◆ **Try it**
Drop the pictures; give again exactly the lines from the one holding "in terracotta invetriata" through the end of the data.

◆ **Given information**
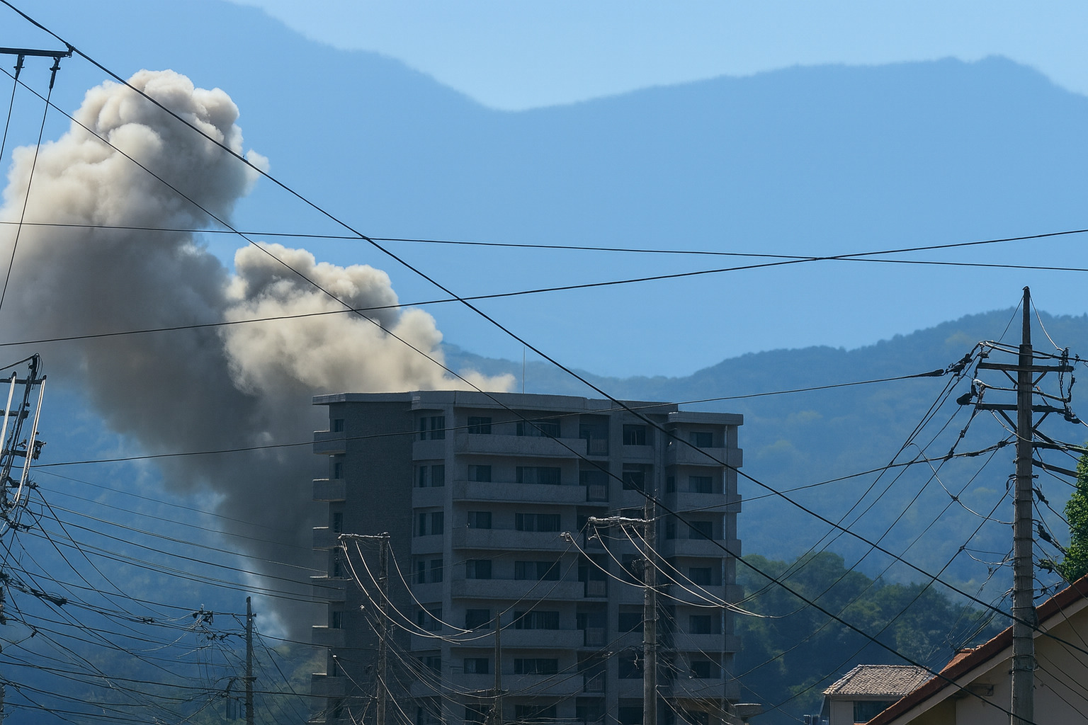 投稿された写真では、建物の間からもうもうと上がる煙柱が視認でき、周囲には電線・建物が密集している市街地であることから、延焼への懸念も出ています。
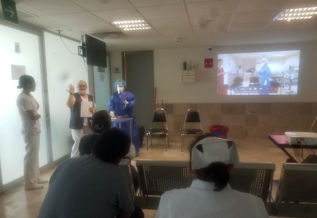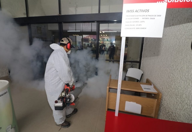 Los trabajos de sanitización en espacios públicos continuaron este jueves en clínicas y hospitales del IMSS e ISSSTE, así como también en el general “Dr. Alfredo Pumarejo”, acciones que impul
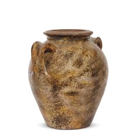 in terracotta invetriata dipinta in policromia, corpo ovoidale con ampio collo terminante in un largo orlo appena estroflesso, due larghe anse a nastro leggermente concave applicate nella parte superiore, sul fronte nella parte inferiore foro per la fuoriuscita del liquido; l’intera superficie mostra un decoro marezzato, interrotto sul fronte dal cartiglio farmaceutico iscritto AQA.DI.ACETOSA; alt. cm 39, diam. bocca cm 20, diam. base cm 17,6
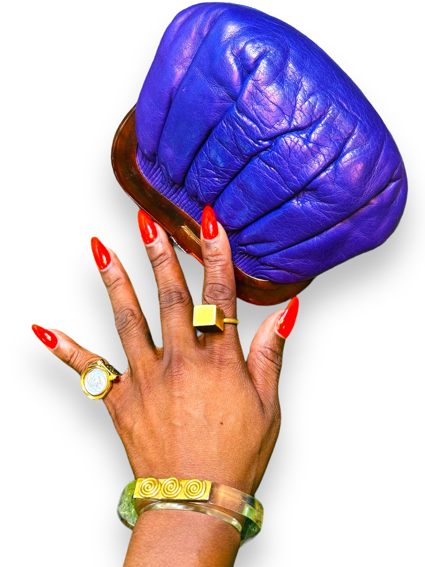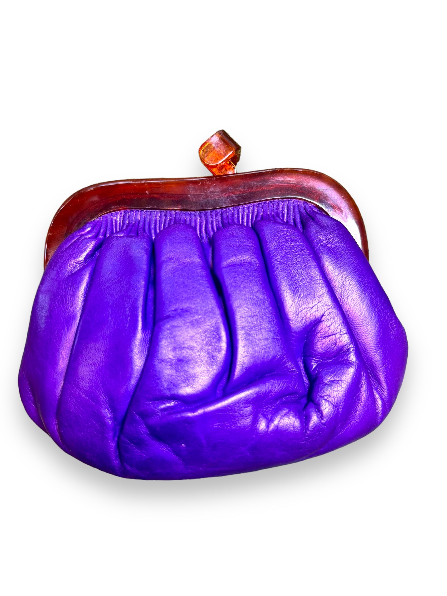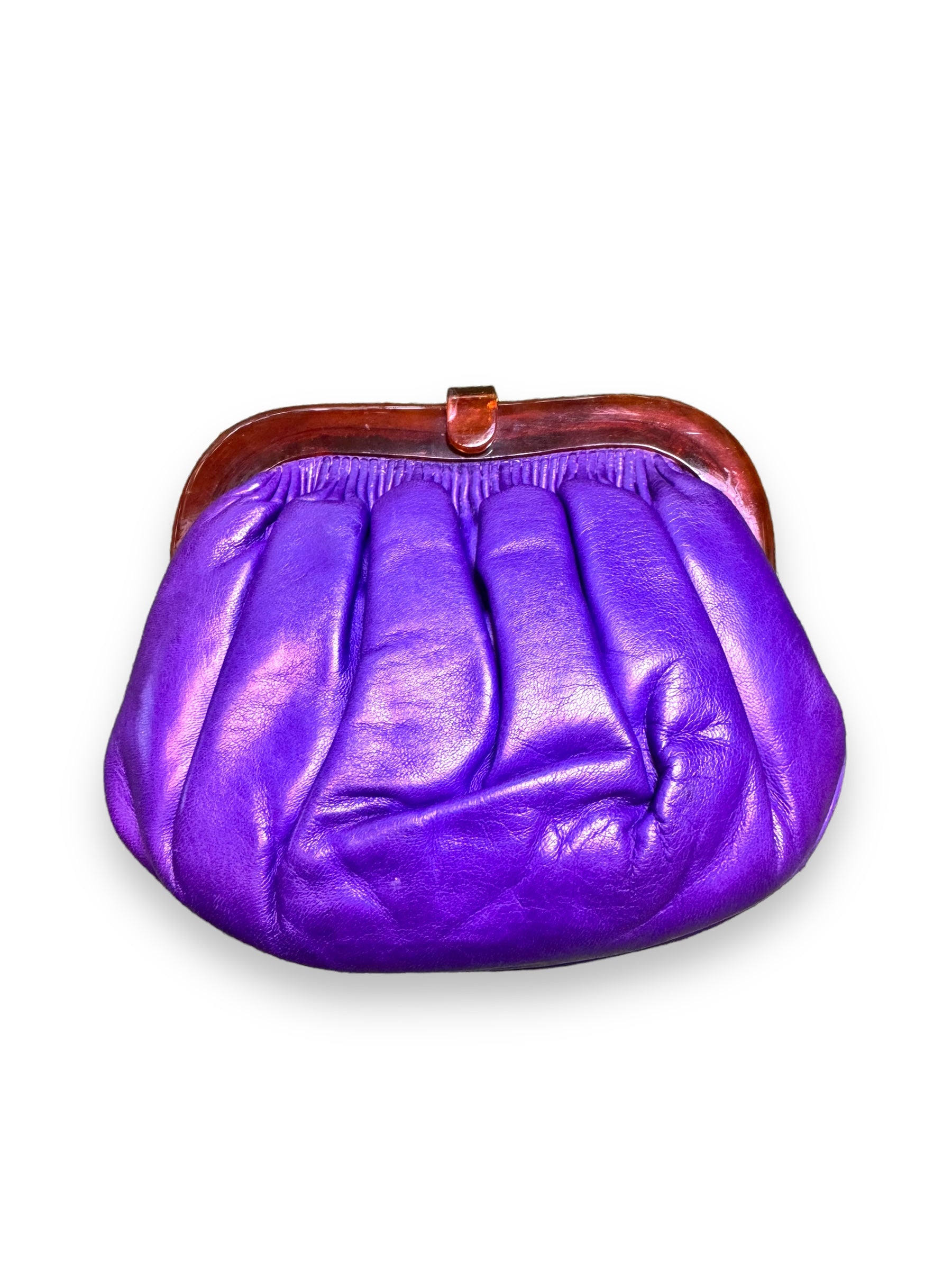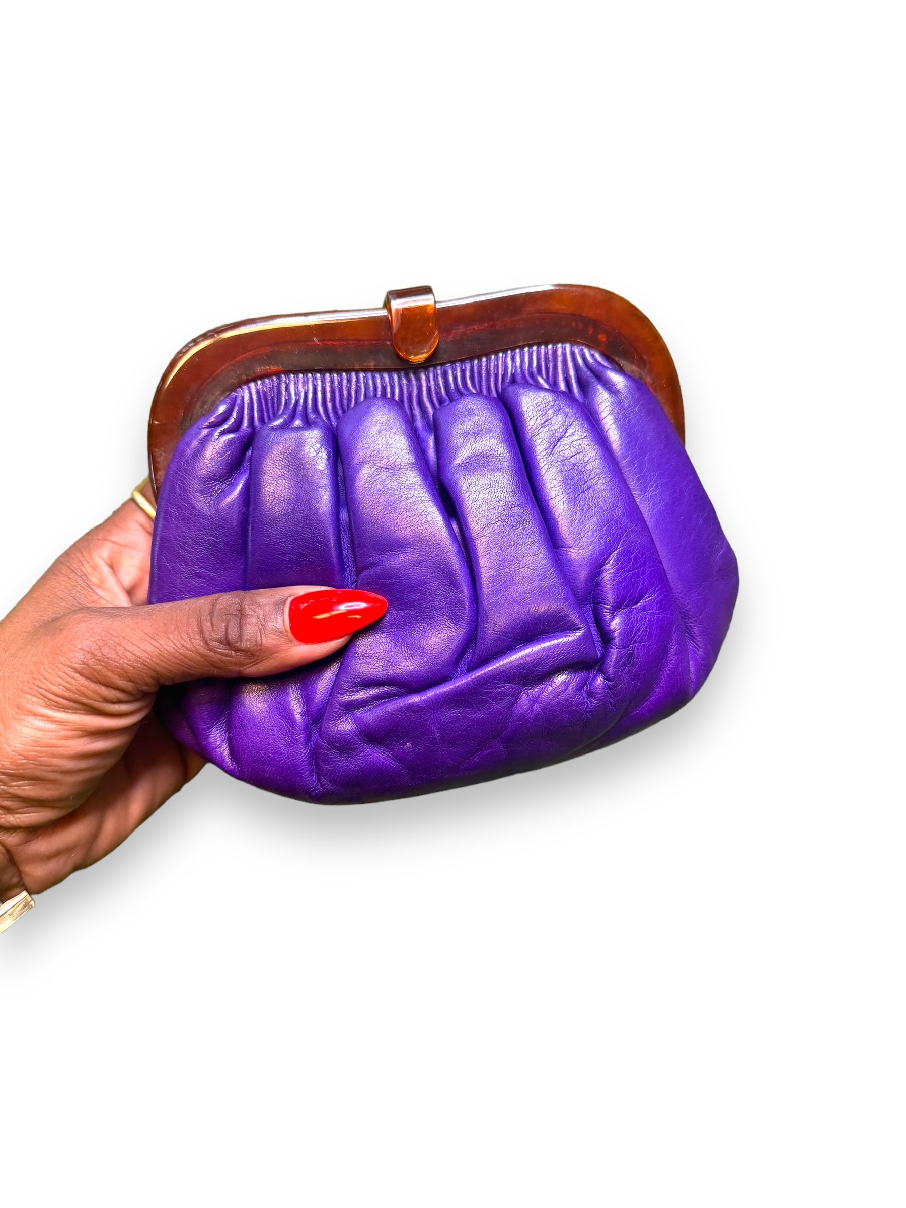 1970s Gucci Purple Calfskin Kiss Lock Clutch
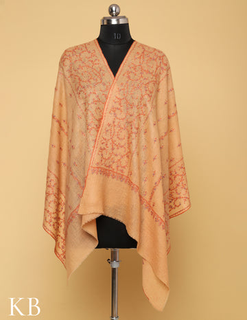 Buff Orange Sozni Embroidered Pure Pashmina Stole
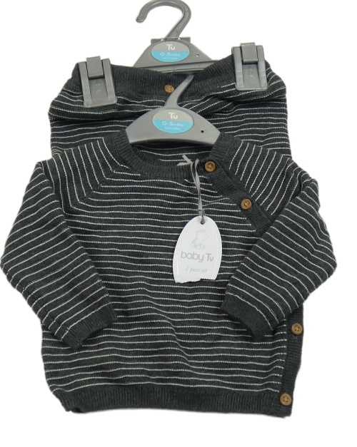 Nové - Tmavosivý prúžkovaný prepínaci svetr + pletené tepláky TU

◆ **Output of the exercise**
 in terracotta invetriata dipinta in policromia, corpo ovoidale con ampio collo terminante in un largo orlo appena estroflesso, due larghe anse a nastro leggermente concave applicate nella parte superiore, sul fronte nella parte inferiore foro per la fuoriuscita del liquido; l’intera superficie mostra un decoro marezzato, interrotto sul fronte dal cartiglio farmaceutico iscritto AQA.DI.ACETOSA; alt. cm 39, diam. bocca cm 20, diam. base cm 17,6
 1970s Gucci Purple Calfskin Kiss Lock Clutch
 Buff Orange Sozni Embroidered Pure Pashmina Stole
 Nové - Tmavosivý prúžkovaný prepínaci svetr + pletené tepláky TU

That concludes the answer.